FIG. 2 is a drawing of a slot machine game when the player spins the reels, according to an embodiment.

After the player presses the play button 107 in FIG. 1, the reels spin as illustrated in FIG. 2. The spin typically lasts for about a second and each of the five reels stops at a random position. Each reel can have a predetermined number of symbols on it, for example 24, 36 or any other number. Reels can be physical (mechanical) or virtual (displayed on an electronic output device).

FIG. 3 is a drawing of a slot machine game after the spin is complete, according to an embodiment.

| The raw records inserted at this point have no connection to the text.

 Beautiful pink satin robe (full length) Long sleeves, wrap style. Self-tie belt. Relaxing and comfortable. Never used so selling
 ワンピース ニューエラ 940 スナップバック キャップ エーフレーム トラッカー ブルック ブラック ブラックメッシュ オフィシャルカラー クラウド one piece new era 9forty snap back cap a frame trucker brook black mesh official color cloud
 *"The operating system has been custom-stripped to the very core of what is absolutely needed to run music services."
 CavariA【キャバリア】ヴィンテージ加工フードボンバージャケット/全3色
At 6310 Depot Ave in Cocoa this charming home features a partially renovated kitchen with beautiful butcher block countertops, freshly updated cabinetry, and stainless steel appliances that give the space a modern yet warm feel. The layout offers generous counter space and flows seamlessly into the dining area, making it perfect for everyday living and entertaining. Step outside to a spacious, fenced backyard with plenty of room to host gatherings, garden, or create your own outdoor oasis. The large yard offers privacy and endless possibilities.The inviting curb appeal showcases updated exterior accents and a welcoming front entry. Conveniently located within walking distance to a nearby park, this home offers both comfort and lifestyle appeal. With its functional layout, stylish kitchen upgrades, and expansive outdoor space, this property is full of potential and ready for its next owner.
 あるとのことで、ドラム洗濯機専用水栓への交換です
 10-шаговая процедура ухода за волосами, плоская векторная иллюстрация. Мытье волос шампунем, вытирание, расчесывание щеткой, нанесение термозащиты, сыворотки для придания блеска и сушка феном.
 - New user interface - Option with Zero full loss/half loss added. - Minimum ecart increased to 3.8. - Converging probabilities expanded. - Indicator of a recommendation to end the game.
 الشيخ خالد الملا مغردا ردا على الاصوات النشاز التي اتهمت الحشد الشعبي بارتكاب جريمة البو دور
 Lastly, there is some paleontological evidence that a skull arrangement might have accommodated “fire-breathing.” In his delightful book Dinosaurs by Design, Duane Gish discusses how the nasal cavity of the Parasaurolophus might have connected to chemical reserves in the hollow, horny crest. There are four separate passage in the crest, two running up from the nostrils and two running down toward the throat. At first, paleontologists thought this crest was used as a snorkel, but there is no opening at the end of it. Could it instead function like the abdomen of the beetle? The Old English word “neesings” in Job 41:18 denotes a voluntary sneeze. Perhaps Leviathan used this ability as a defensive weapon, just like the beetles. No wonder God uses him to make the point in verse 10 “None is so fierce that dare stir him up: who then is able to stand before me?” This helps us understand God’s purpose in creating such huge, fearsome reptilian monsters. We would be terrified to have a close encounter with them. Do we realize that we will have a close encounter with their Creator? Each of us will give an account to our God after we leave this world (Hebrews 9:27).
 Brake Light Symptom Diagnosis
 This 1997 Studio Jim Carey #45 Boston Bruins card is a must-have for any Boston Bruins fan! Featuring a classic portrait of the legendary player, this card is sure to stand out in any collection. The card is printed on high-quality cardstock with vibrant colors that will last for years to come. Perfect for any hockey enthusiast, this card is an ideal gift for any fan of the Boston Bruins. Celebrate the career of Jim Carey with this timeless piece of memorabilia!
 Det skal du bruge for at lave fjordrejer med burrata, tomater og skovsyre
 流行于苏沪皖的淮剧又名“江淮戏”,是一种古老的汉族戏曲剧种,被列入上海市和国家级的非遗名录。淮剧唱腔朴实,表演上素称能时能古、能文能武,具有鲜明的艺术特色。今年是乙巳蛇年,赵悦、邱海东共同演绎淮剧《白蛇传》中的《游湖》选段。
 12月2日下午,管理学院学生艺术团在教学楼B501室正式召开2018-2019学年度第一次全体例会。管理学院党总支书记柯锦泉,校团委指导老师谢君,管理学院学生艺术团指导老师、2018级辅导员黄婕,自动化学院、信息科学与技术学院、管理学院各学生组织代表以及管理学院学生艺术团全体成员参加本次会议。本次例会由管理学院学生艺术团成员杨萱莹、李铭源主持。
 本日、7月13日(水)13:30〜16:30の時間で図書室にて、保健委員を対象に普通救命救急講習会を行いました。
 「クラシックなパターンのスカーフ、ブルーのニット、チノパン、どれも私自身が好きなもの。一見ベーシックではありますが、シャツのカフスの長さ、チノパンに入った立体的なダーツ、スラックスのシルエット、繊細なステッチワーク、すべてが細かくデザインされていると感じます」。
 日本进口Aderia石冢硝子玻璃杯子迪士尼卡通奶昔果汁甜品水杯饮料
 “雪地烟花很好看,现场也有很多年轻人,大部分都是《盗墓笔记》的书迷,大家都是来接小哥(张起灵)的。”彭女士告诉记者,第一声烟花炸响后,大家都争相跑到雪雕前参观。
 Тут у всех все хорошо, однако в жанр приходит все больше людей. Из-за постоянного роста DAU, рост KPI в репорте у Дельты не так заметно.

After the reels spin, the come to a stop as illustrated in FIG. 3. Here the player has bet on all nine paylines (see FIG. 11), with five coins bet per line. The player has achieved one winning payout (line 1, FIG. 11) for a potential win of $5,000 ($1,000 times 5 coins bet per line). However, unlike a traditional slot machine game, the player is not yet awarded this (or any award). The player will play a skill game in order to earn as much of the $5,000 as possible.

FIG. 4 is a drawing of a slot machine game when a skill game is initiated, according to an embodiment.

A skill meter 400 is displayed which shows 21 discrete bars (although any number of bars can be used). One of these bars is a highlighted bar 401. The highlighted bar 401 appears in a different color (or shape, etc.) than the other bars.

The highlighted bar will move (animate) back and forth in a “ping pong” fashion from left to right back to left again, etc. The highlighted bar will move to the right and when it reaches the rightmost bar it will change direction and move to the left and when it reaches the leftmost bar it will change direction again and move back to the right. This animation will repeat indefinitely until the player presses the stop button 402. Typically, the highlighted bar will remain highlighted for a fixed amount of time (e.g., two tenths of a second) before the highlighted bar becomes the next bar. When the stop button 402 is pressed, the highlighted bar no longer will move and will remain “frozen” so the player can see where the highlighted bar is.

It is the player's goal to press the stop button 402 (by touching the stop button 402 on a touch screen, or pressing a physical button on the device, or clicking a mouse, etc.) when the highlighted bar is the center bar 403. If the player presses the stop button 402 when the highlighted button is the center bar 403 then the player wins 100% of the potential award. The location of the highlighted bar when the player presses the stop button 403 determines the percentage of the potential award that the player wins (the actual award). Typically, the further away from the center that the highlighted bar is when the stop button 402 is pressed the lower the percentage of the potential award that the player gets (the actual award)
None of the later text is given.